The neighbor knew there was more to this noble bird than his behavior showed as a chicken.  He was born an eagle and had the heart of an eagle, and nothing could change that.  The neighbor reached down and lifted the eagle onto the fence surrounding the chicken coop and said,  “Eagle, you are an eagle.  Stretch your wings and fly.”  The eagle only look blankly at the man and clucked.  He jumped off the fence and continued doing what chicken do.  The farmer was satisfied. “I told you - he thinks he’s a chicken,” he said.
The neighbor couldn’t sleep that night and returned the next day to convince the farmer that the eagle was born for something greater.  The man took the eagle from the dirty coop and carried him to the top of the farmhouse.  Setting the bird down on the roof, the neighbor spoke to him: “Eagle, you are an eagle.  You therefore belong to the sky and not to the earth.  Stretch your wings and fly.” The large bird blinked at the man, clucked, and then jumped down into the chicken coop.
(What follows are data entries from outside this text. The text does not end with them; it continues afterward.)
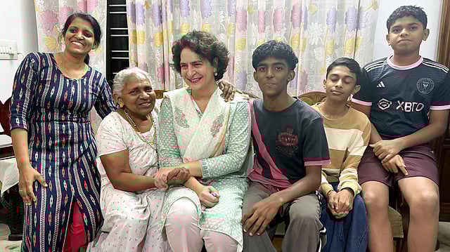 കാലിന് സുഖമില്ലാത്തതിനാല് റോഡിലേക്കിറങ്ങി വന്ന് കാണാന് ബുദ്ധിമുട്ടുള്ള കാര്യം പറഞ്ഞതോടെ എന്നാല് പിന്നെ ഇപ്പോള് തന്നെ പോകാമെന്നായി പ്രിയങ്ക. അങ്ങനെയാണ് പ്രിയങ്ക ഗാന്ധി ത്രേസ്യയെ കാണാനെത്തുന്നത്. വീട്ടിലെത്തിയ പ്രിയങ്കയെ കണ്ട് ത്രേസ്യ ശരിക്കും അമ്പരന്നു. പിന്നീട് കെട്ടിപ്പിടിച്ച് സ്നേഹം പങ്കുവെച്ചു. കൊന്തയും മധുരവും നല്കിയാണ് പ്രിയങ്കയെ സ്വീകരിച്ചത്. പതിനഞ്ച് മിനിറ്റോളം വീട്ടില് ചിലവഴിച്ച ശേഷമാണ് പ്രിയങ്ക മടങ്ങിയത്.
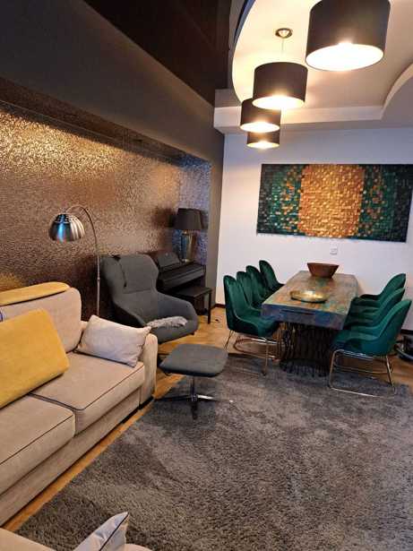 განიერი ბინა დიზაინერული რემონტით Domus 3 საცხოვრებელ კომპლექსში (თამარაშვილის ქ.) იყიდება 138 მ² ბინა 20-ე სართულზე პანორამული ხედებით. გეგმარება: 2 საძინებელი, კაბინეტი, ფართო მისაღები, სამზარეულო-სასადილო, 2 სველი წერტილი და ცალკე საკუჭნაო/სარეცხი ოთახი. ✨ უპირატესობები: • ახალი პრემიუმ-კლასის რემონტი მაღალი ხარისხის მასალებით. • იტალიური ავეჯი და Union-ის კარები. • იტალიური სამზარეულო Lube Cucine. • ბუნებრივი შპონი. • Jung-ის ჩამრთველები, Flos-ის განათება. • სრული კომპლექტი Bosch Accent Line ტექნიკა: ჩაშენებული ყავის აპარატი, მაცივარი, გამწოვი, ინდუქციური ქურა, ჭურჭლის სარეცხი მანქანა, ღუმელი. • სველი წერტილებში Hansgrohe და Villeroy & Boch (აბაზანა და შხაპი). • იატაკი: ნატურალური პარკეტი და იტალიური კერამიკა. • ჩაშენებული კონდიცირების სისტემა. • წყლიანი თბილი იატაკი. 🏙 ინფრასტრუქტურა: Domus 3 კომპლექსი მდებარეობს თამარაშვილის ქუჩაზე. ფეხით სავალ მანძილზე: Prime Fit ფიტნეს-კლუბი, საცურაო აუზი, სუპერმარკეტები Spar და Nikora, სილამაზის სალონები და ცენტრალური პარკი.
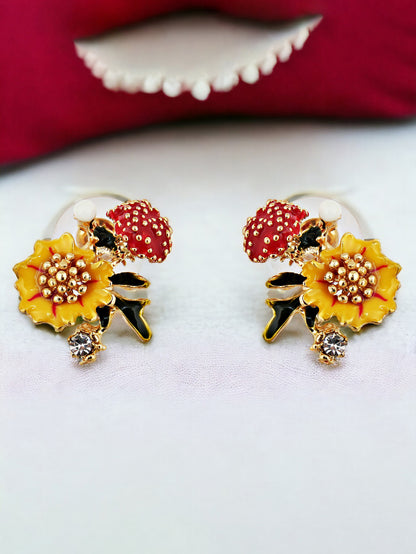 18k Gold Plated Yellow Color Floral Design Stud Tops Earring For Girls & Women
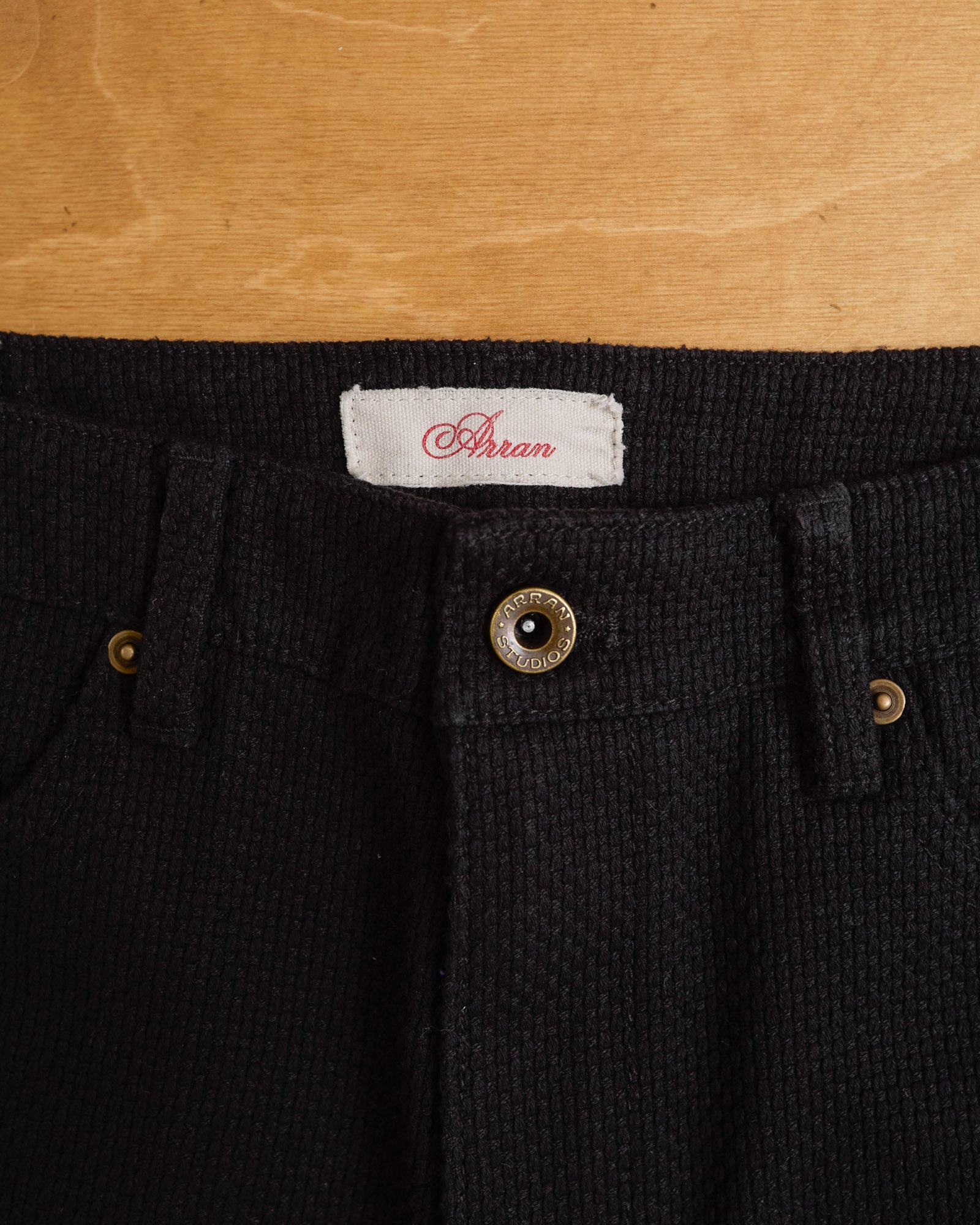 A relaxed workwear trouser cut from heavyweight 100% cotton Sashiori fabric. The raised rice-grain weave offers a structured feel with natural breathability, combining durability and ease of movement. Rear flap pockets with multicolored button closures, and heavyweight hardware throughout.
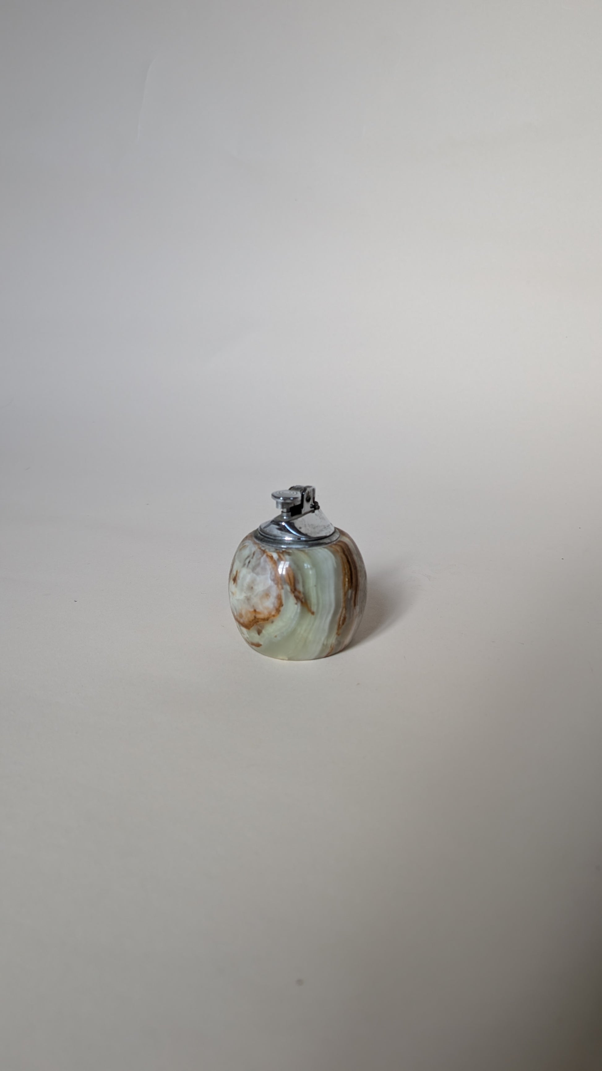 briquet de table décoratif est fabriqué en onyx véritable, une pierre caractérisée par ses riches veines marbrées (vert, brun, crème). De forme ronde et surmonté d'un mécanisme métallique, il est à la fois lourd et élégant. Parfait pour une décoration vintage ou pour collection.
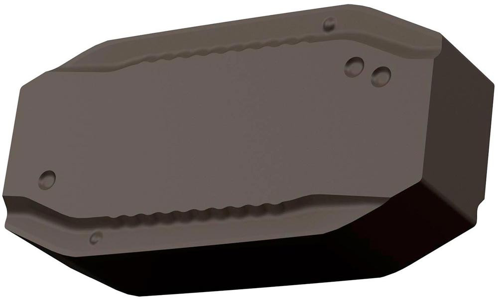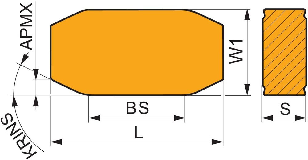 Doppelseitige negative barpeeling Wendeschneidplatte · Rechteckig mit einer Länge von 40mm · 9.6mm Dick für 3.5mm Schnitttiefe · Indexgenauigkeit nach ISO-Toleranzklasse-G · Spanbrecher PM mit S01 Schneidkantenpreparation · im Substrat T9315 · MT-CVD beschichtet functionally graded WC-Co carbide im ISO-Bereich P05 -P25 · zum hohe Festigkeit Stählen

After another restless night, the friend returned the next morning to the chicken farm and took the eagle and the farmer away from the chicken coop to the foot of a high mountain.  They could not see the farm nor the chicken coop from this great height.  The man lifted the eagle on his outstretched arm and pointed high into the sky where the bright sun was beckoning above.  He spoke: “Eagle, you are an eagle!  You therefore belong to the sky and not to the earth.  Stretch your wings and fly.” This time the eagle stared skyward into the bright sun, straightened his large body, and stretched his massive wings.  His wings moved, slowly at first, then surely and powerfully.
With the mighty screech of an eagle, he flew away.